Yeah sure if you’re so limited in your abilities of comprehension that you can only see the movie that’s playing in front of you then what’s the point? You may as well point out that that’s only an actor playing a part. That that’s not real blood – it’s only make-up. That it’s all just special effects and tricks of the light. 

But if you know how to watch movies properly then you know that it’s all about the suggestion of possibilities. Of seeing more than what you see. 

And that’s why Alien3 is a great movie. 

So. Yes. Hello. My name is Joel. And I’m an Alien3 apologist. (Yes. I know. I’m sorry. I’m sorry). 

The thing about talking about movies is that you kinda always have to measure what you’re saying against The Obvious Background Assumption. I remember talking once about Apocalypse Now with a guy at a house party (remember those?). I was making some sort of insightful and brilliant critique about helicopters and stuff and he just said (as if he was stating a basic fact about the nature of the universe) – “Yeah. But it’s just a Great Movie tho isn’t it?” So if I’m saying anything that contradicts that then obviously I’m just being ridiculous right? Because The Obvious Background Assumption tells you which opinions are valid and which ones are crazy. 

It probably won’t shock you to realise that I’m not really a fan of this approach. I’m more interested in whether or not your opinions are interesting. If someone wants to prattle on at length about how the Coen Brother movies are good then it’s very possible that they might be really boring and tedious about it. Vice versa someone might have some very cool insights about Transformers: Revenge of the Fallen that will keep me totally enthralled. 

(But that being said – damn it – I still think it’s true that some movies are just better than others. Although the movies that I find valuable don’t always correspond with The Obvious Background Assumption. But I don’t have any real issue with believing that most people are wrong about things LOL).

I should admit that I’m not precisely sure what The Obvious Background Assumption for Alien3 is tho… Like obviously Alien and Aliens are both stone-cold cinema classics until the end of time and Alien Resurrection is an ill-begotten monster that should have been drowned at birth.
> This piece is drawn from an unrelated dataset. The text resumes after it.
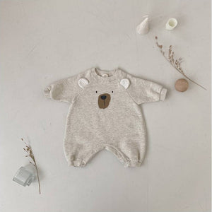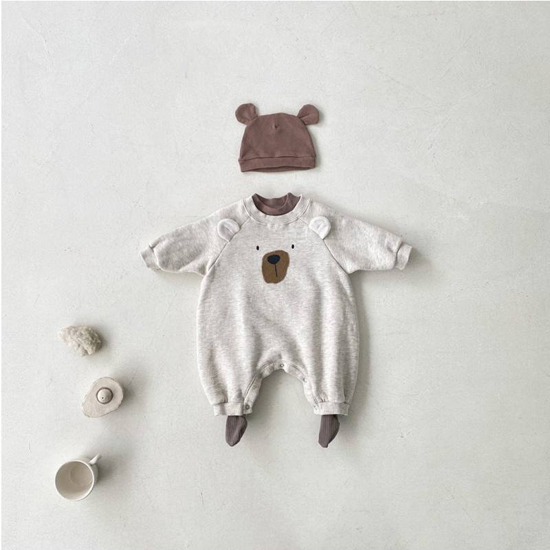 Un dolcissimo completo per coccolare il tuo bimbo! Questa tutina in morbido cotone felpato color grigio chiaro è decorata con un simpatico musetto d’orso e orecchiette applicate sulle spalle. Inclusa nel set anche una cuffietta marrone con orecchie, per un look tenero e divertente. Chiusura con bottoncini sul fondo per un cambio rapido e pratico.

But Alien3 kinda lurks in the no man’s space between… 
Judging from the things I’ve read it about the problem that most people have with Alien3 is the fact that Hicks and Newt get brutally dispatched with before the movie even starts (not forgetting Bishop who – well – will never be top of line again). I think there’s a James Cameron line that says “it was a slap in the face” or something? But what the hell man? Do people really want an Alien movie that has everyone playing nice and being happy? SCENE 3. RIPLEY: “Would you like another glass of lemonade dear? HICKS: “Yeah baby – that would be swell.” I mean – I always thought that one of the underlying themes of the movies was that the universe is a brutal inhospitable landscape that is full of evil monsters beyond our comprehension that will kill everyone you’ve ever known. Fucking up both Ripley and the audience right from the start seems like the obvious move to me? I’m not watching this stuff because I want to see people go on picnics you know? 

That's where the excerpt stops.